I have several groups of results, with group size varying from 10ish to
250ish. Within each group, i want to make subgroups according to
similar names: for example, one of my groups looks like this: the
first part, “viola”, is the name of the group, the second the name of
the item:
viola Viola - Goija playing Bach
viola Viola - Goija playing Handel - olga
viola Viola - Goija playing Handel - olgagoija
viola Viola - Goija playing Handel Sonata VI (allegro) - olga
viola Viola - Goija playing Handel Sonata VI (largo) - olga
viola Viola - Goija playing Handel Sonata VI (last movement) - olga
viola Viola - Goija playing Schnittke (part 1 - Largo)
viola Viola - Goija playing Schnittke (part 2 - Allegro Molto) - olga
viola Viola - Goija playing Schnittke (part 3 - Largo) olga
viola Viola - Goija playing Schumann (Lebhaft) - olga
viola Viola - Goija playing Schumann (Nicht schnell) - olga
viola Viola - Goija playing Shostakovich - bit 1
viola Viola - Olga Goija playing Shulman (1)
viola Viola - Olga Goija playing Shulman (2)
viola Viola - Olga Goija playing Shulman (final)

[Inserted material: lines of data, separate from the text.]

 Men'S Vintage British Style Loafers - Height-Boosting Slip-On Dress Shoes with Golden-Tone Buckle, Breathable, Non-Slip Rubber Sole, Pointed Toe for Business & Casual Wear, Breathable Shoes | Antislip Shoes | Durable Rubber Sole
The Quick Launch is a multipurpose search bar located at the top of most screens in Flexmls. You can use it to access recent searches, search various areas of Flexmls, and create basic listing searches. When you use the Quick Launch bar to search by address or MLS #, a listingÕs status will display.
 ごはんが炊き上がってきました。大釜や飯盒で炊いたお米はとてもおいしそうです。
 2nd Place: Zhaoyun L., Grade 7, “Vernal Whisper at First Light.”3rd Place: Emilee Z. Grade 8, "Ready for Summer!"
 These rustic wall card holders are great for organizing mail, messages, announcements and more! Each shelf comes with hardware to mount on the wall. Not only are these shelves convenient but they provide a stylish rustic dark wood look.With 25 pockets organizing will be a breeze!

In this case, i would want to make 13 groups, based on similar names,
like so:
viola Viola - Goija playing Bach
viola Viola - Goija playing Handel - olga
viola Viola - Goija playing Handel - olgagoija
viola Viola - Goija playing Handel Sonata VI (allegro) - olga
viola Viola - Goija playing Handel Sonata VI (largo) - olga
viola Viola - Goija playing Handel Sonata VI (last movement) - olga
viola Viola - Goija playing Schnittke (part 1 - Largo)

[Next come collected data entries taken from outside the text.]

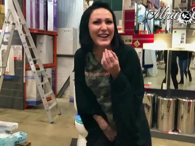 Es wurde mal wieder Zeit für volles Risiko! Ich war mit meiner Freundin Sandy im Baumarkt. Dort hatten sie eine fahrbare Toilette. Also die stand auf so einem kleinen Brett mit Rädern und man konnte sie herum schieben. Da kam mir doch glatt die Idee die Toilette einfach zu benutzen! Wir suchten uns einen geeigneten Platz und rollten die Toilette dort hin. Natürlich waren überall Leute im Baumarkt und auch Kameras hingen dort. Nun hieß es schnell handeln. Mir ging der Arsch ganz schön auf Grundeis. Mitten im Baumarkt sich da hinzusetzen und los zu pissen – welch ein Nervenkitzel! Das war schon spannend oder?
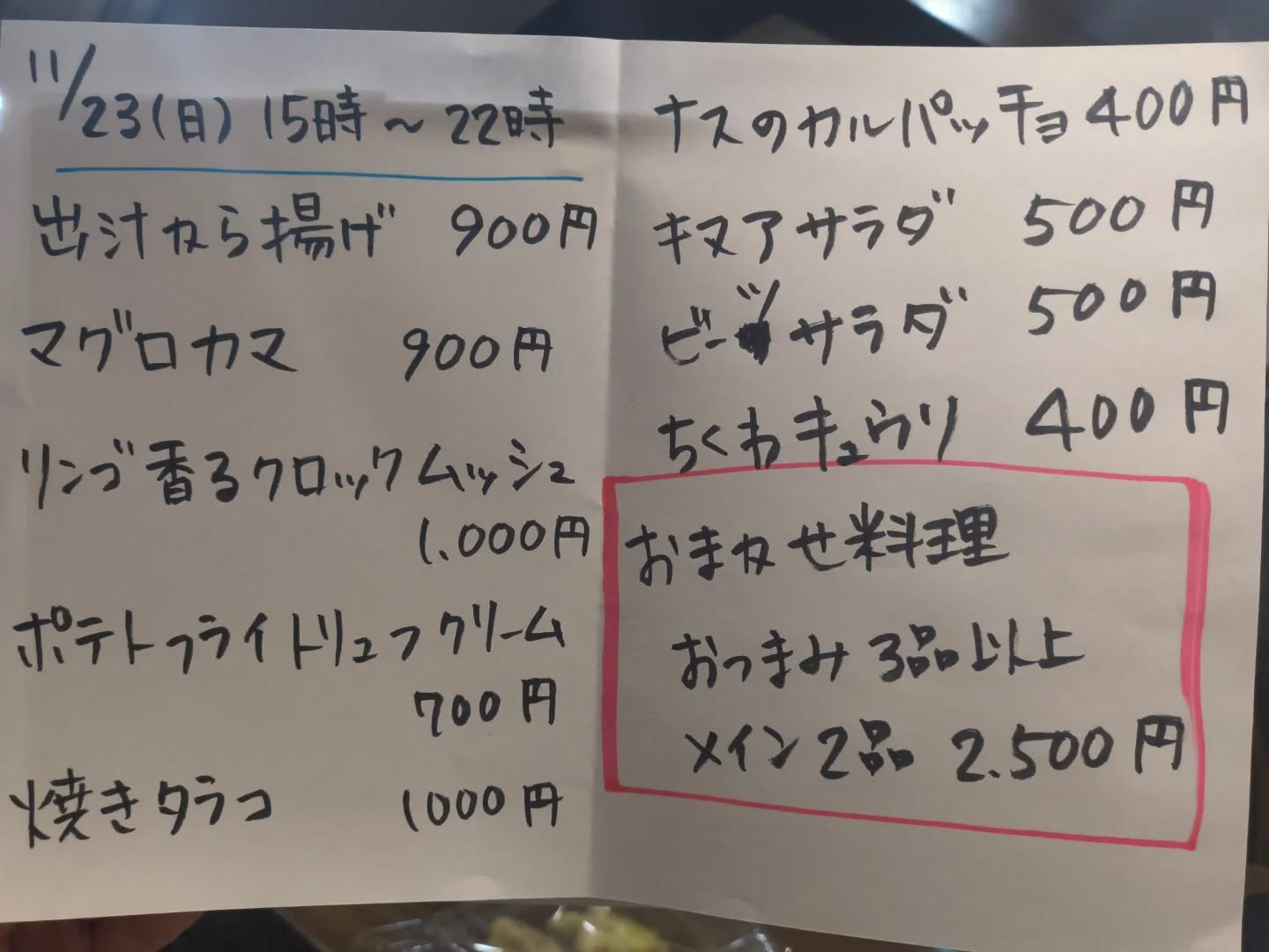 愛知県名古屋市千種区で居酒屋なら、地下鉄東山線 本山駅から徒歩30秒の小料理久 KYUへ。 長年お弁当屋さんで働いていた経験と、韓国やメキシコ、フランス、イタリアを巡る旅から得た知識を活かし、ここでしか味わえないおばんざいや創作料理と美味しいお酒を提供しております。おばんざいをはじめ、一品料理、鉄板料理、コース料理をご用意しており、日本酒やスパークリングワインとの相性も抜群です。
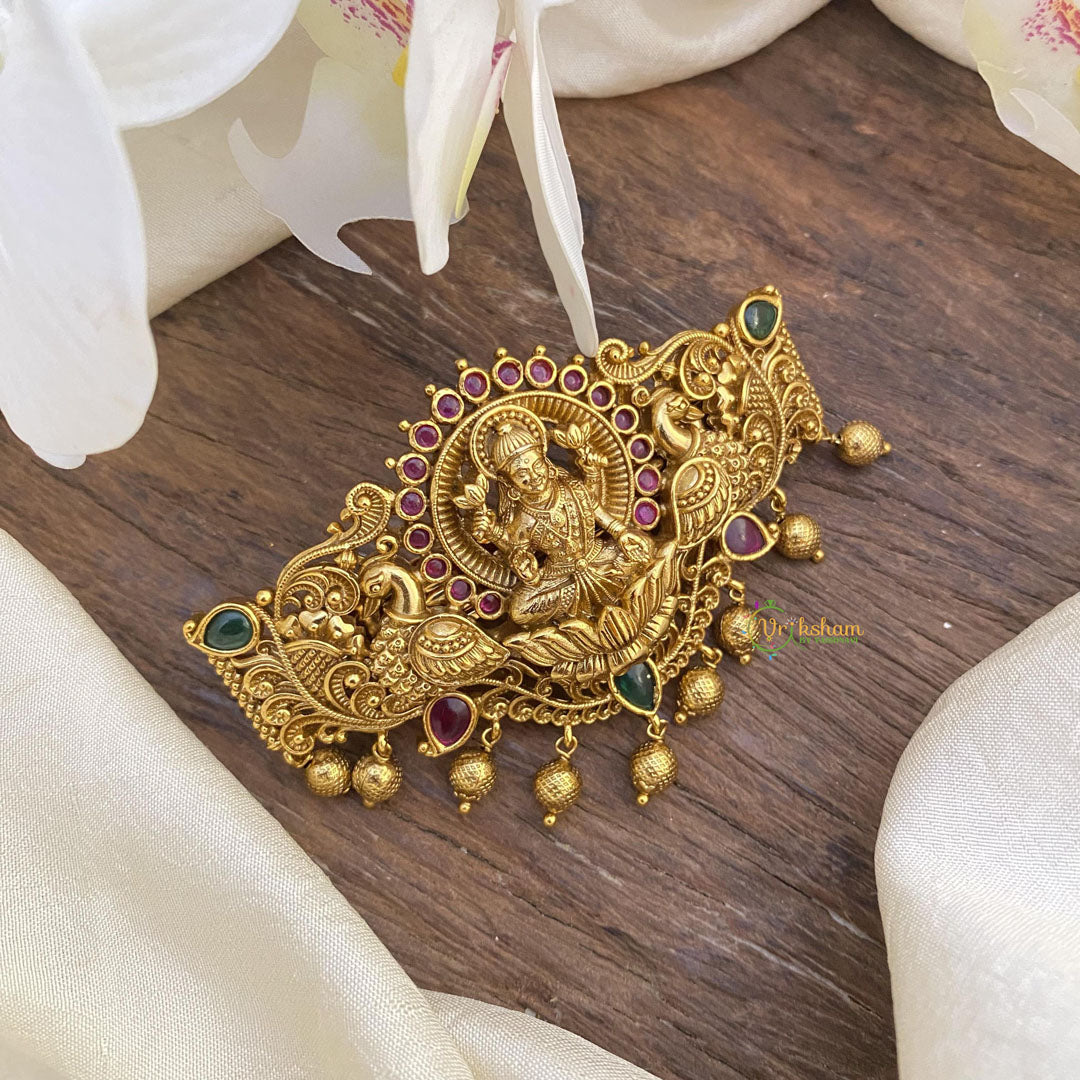 Add a touch of luxury to your hair with our Gold Look Alike Lakshmi Hair clip. Featuring a dual peacock design, this clip exudes sophistication and elegance. The golden pearl accents add a subtle yet glamorous touch. Elevate your style with this premium accessory.

viola Viola - Goija playing Schnittke (part 2 - Allegro Molto) - olga
viola Viola - Goija playing Schnittke (part 3 - Largo) olga
viola Viola - Goija playing Schumann (Lebhaft) - olga
viola Viola - Goija playing Schumann (Nicht schnell) - olga
viola Viola - Goija playing Shostakovich - bit 1
viola Viola - Olga Goija playing Shulman (1)
viola Viola - Olga Goija playing Shulman (2)

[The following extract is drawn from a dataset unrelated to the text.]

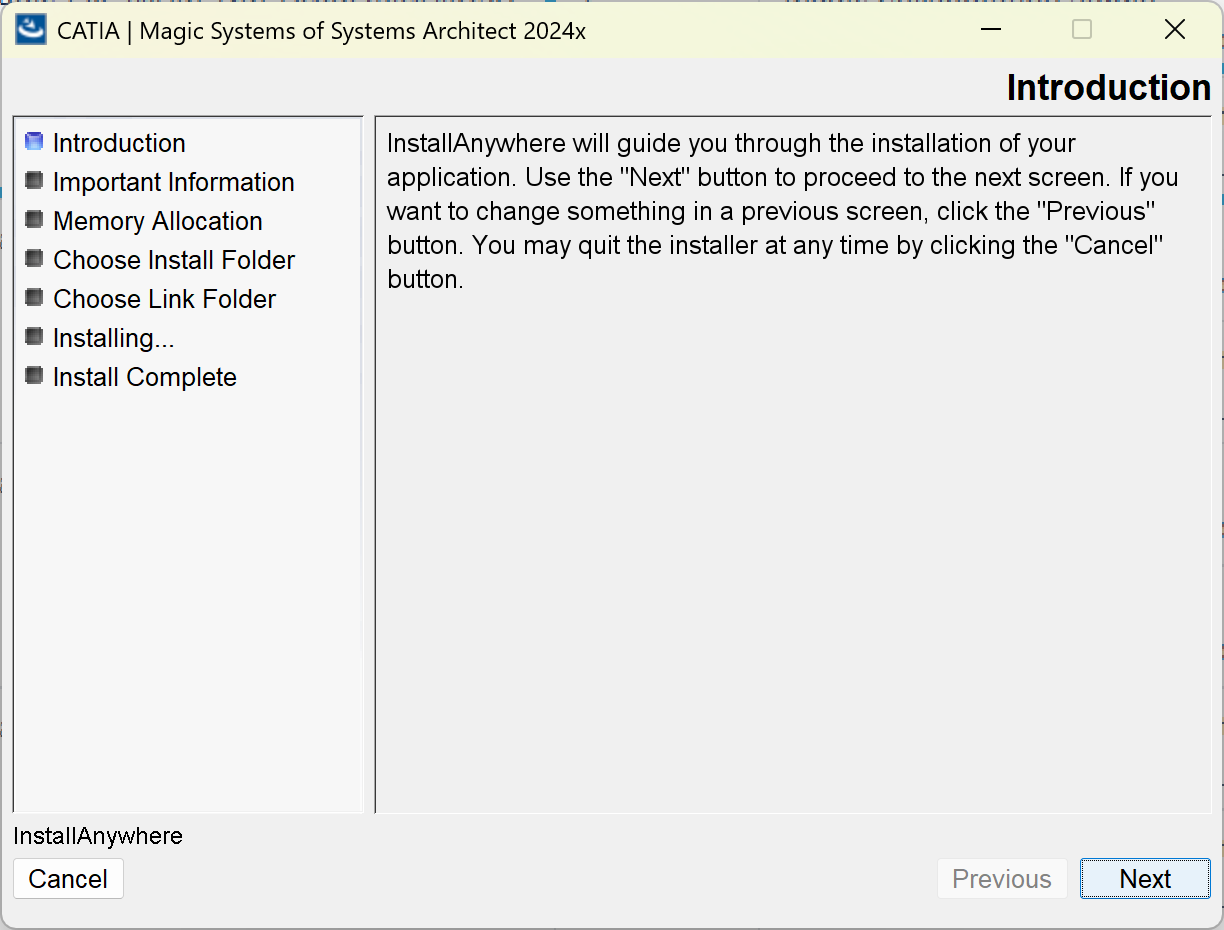 Double-click Magic_Systems_of_Systems_Architect_2024x_win64.exe to start the installation.

viola Viola - Olga Goija playing Shulman (final)
My first question is, what’s the best way to divide this set into
groups? They are already all ferret-indexed, so i could do fuzzy ferret
searches. One thing i was thinking was as follows (pseudocode):
for each item
for every member of every group
if the string matches according to some fixed similarity criteria
put the item in that group
matched = true
end
end
if not matched
put the item in a new group
end
end
The problem with this is deciding the fixed similarity criteria: it
might be better to do something flexible, like
for every pair of items in the group (ie size * size-1 times)
get similarity_rating and put it in a 2d array
end
then, analyze the array and group the highest scoring elements for each
row together (somehow).
Any thoughts?